Dann gute Anreise. Die Busse sind voll und stecken im Stau. Die Anbindung der Wasserstadt ist eine Katastrophe. Da widerspreche ich Ihnen aktuell nicht.
Und jetzt kommen Sie und bauen dort noch mal 2500 Wohnungen. Ja, aber es gibt konkrete Pläne, dieses Viertel besser zu erschließen. Wir stehen mit der BVG und mit der Verkehrsverwaltung in engem Kontakt. Wir haben das Glück, viel Vorarbeit aus den 90er Jahren nutzen zu können, die uns jetzt Aufwand erspart. Die Straßen sind gebaut, und selbst die Straßenbahntrasse ist in den Unterlagen eingezeichnet. Schauen Sie sich den Spandauer Norden mal genauer an, wir übernehmen ja auch 1500 Wohnungen in Gartenfeld …
… dem Neubauprojekt ums Eck … und jetzt schlagen Sie mal einen Zwei-Kilometer-Radius um die Wasserstadt: Da entstehen in den nächsten Jahren 8000 Wohnungen, das heißt: 16.000 Menschen werden dort hinziehen.
Wer? Schauen Sie, aktuell wird über den Siemens-Campus gesprochen, da geht es um viele, viele Arbeitsplätze der Zukunft. Und denken Sie nur an die Urban Tech Republic, wie das neue Quartier auf dem Flughafen Tegel heißt – die Leute müssen irgendwo wohnen. Spandau liegt gleich um die Ecke.
Derzeit liegen vor allem tausende Neubauwohnungen in der TXL-Schneise. Tegel wird geschlossen. Ich verlasse mich auf die Beschlüsse der Politik.
Sie gucken positiv nach vorn. Das Viertel auf der Westseite der Havel gilt allerdings als sozial schwierig.
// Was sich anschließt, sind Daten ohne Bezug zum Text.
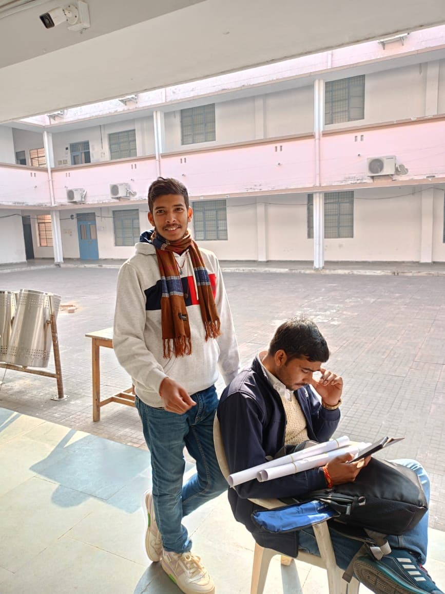 In our college campus very peace and cool environment students are walking, in evening and roads of our college like a highway bcoz college is government.In our college a Gym( in which first year not allowed) is very beautifuland 2 cafererias and A Central Library (computing system and AC room available) and CSA for playing games.In first year hostal students are not allowed after 5pm for first three months.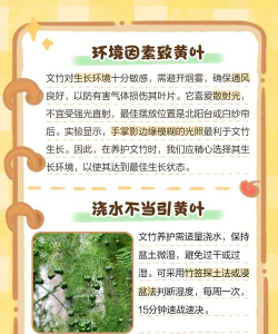 文竹黄叶需根据具体原因对症处理。调整光照、合理浇水、科学施肥、保持适宜温湿度是关键。若黄叶严重,可修剪后重新养护,促进植株恢复。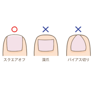 ・爪の先端が四角い形になるように切りましょう。(爪角を短く切り落とさない)
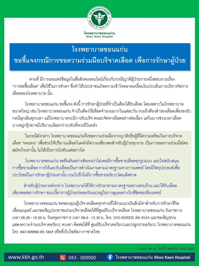 โรงพยาบาลขอนแก่น ขอยืนยันอย่างชัดเจนว่า ไม่เคยมีการซื้อขายเxือดทุกรูปแบบ และไม่สนับสนุนการซื้อขายเxือด การให้และรับเxือดเป็นการดำเนินงานตามมาตรฐานทางการแพทย์ โดยมีวัตถุประสงค์เพื่อประโยชน์ในการรักษาผู้ป่วยเท่านั้น รวมถึงไม่มีการซื้อขายอวัยวะโดยเด็ดขาด

Es gibt große Unterschiede zwischen dem bereits bebauten Westufer und dem Ostufer der Wasserstadt. Wir erkennen heute – aber das ist in der Rückschau immer leicht gesagt -, dass damals Fehler gemacht worden sind, und dass wir Dinge besser machen müssen. In der westlichen Wasserstadt waren über 30 Prozent der Flächen für Gewerbe eingeplant – 30 Prozent für Büros, eine Wette auf die Zukunft! Den Bedarf gab es aber lange nicht. Leerstand ist das Schlimmste, was einem Neubaugebiet passieren kann. Der fundamentale Fehler aber ist ein anderer: Es gibt keine Blickbeziehungen zum Wasser.
Stimmt. Das wird am Ostufer anders – ein offener Städtebau, mit einer Promenade zum Flanieren. Da wird man in der Abendsonne sitzen und aufs Wasser gucken. Auf einem der Häuser, in rund 25 Metern Höhe, wird es sogar einen öffentlichen Dachgarten geben mit viel Grün und einem schönen Blick auf die Havel.
Und wer soll das bezahlen? Das werden sich alle leisten können. Wir sind eine landeseigene Wohnungsbaugesellschaft und stehen für bezahlbare Mieten. Die Hälfte unserer Wohnungen sind für WBS-Berechtigte, die anderen zahlen im Schnitt unter zehn Euro den Quadratmeter.
Allerdings am Stadtrand. Komisch, ich sehe Berlin immer anders. Berlin ist eine polyzentrische Stadt, es sind zwölf Großstädte, die an ihren Rändern zusammenkleben. Und für jeden beginnt der Rand woanders. Ich empfinde die wachsende Stadt als ungemein spannend, als Chance, denn das Gegenteil wäre Schrumpfung, und das bedeutet nie Gutes für eine Stadt. Wir als Gewobag haben schon jetzt rund 14.000 Wohnungen in Spandau, es ist unser wichtigster Bezirk. Wir haben dort unseren Ursprung – in Haselhorst. Nächstes Jahr werden wir 100 Jahre alt.
Vor 20 Jahren wurde in der Wasserstadt damit geworben, dass sogar der Supermarkt in der Wasserstadt einen Anleger bekommt. Haben Sie auch eine steile Idee? Wissen Sie, ich habe in Konstanz studiert. Die Stadt nutzt das Wasser vor der Tür ganz selbstverständlich. Ich bin mit der Fähre quasi zum Hörsaal gefahren. Warum sollte Spandau nicht die breite Havel nutzen und Wassertaxis zur Altstadt anbieten? Wir prüfen das ganz ernsthaft gerade. Es ist nie falsch, Visionen zu haben.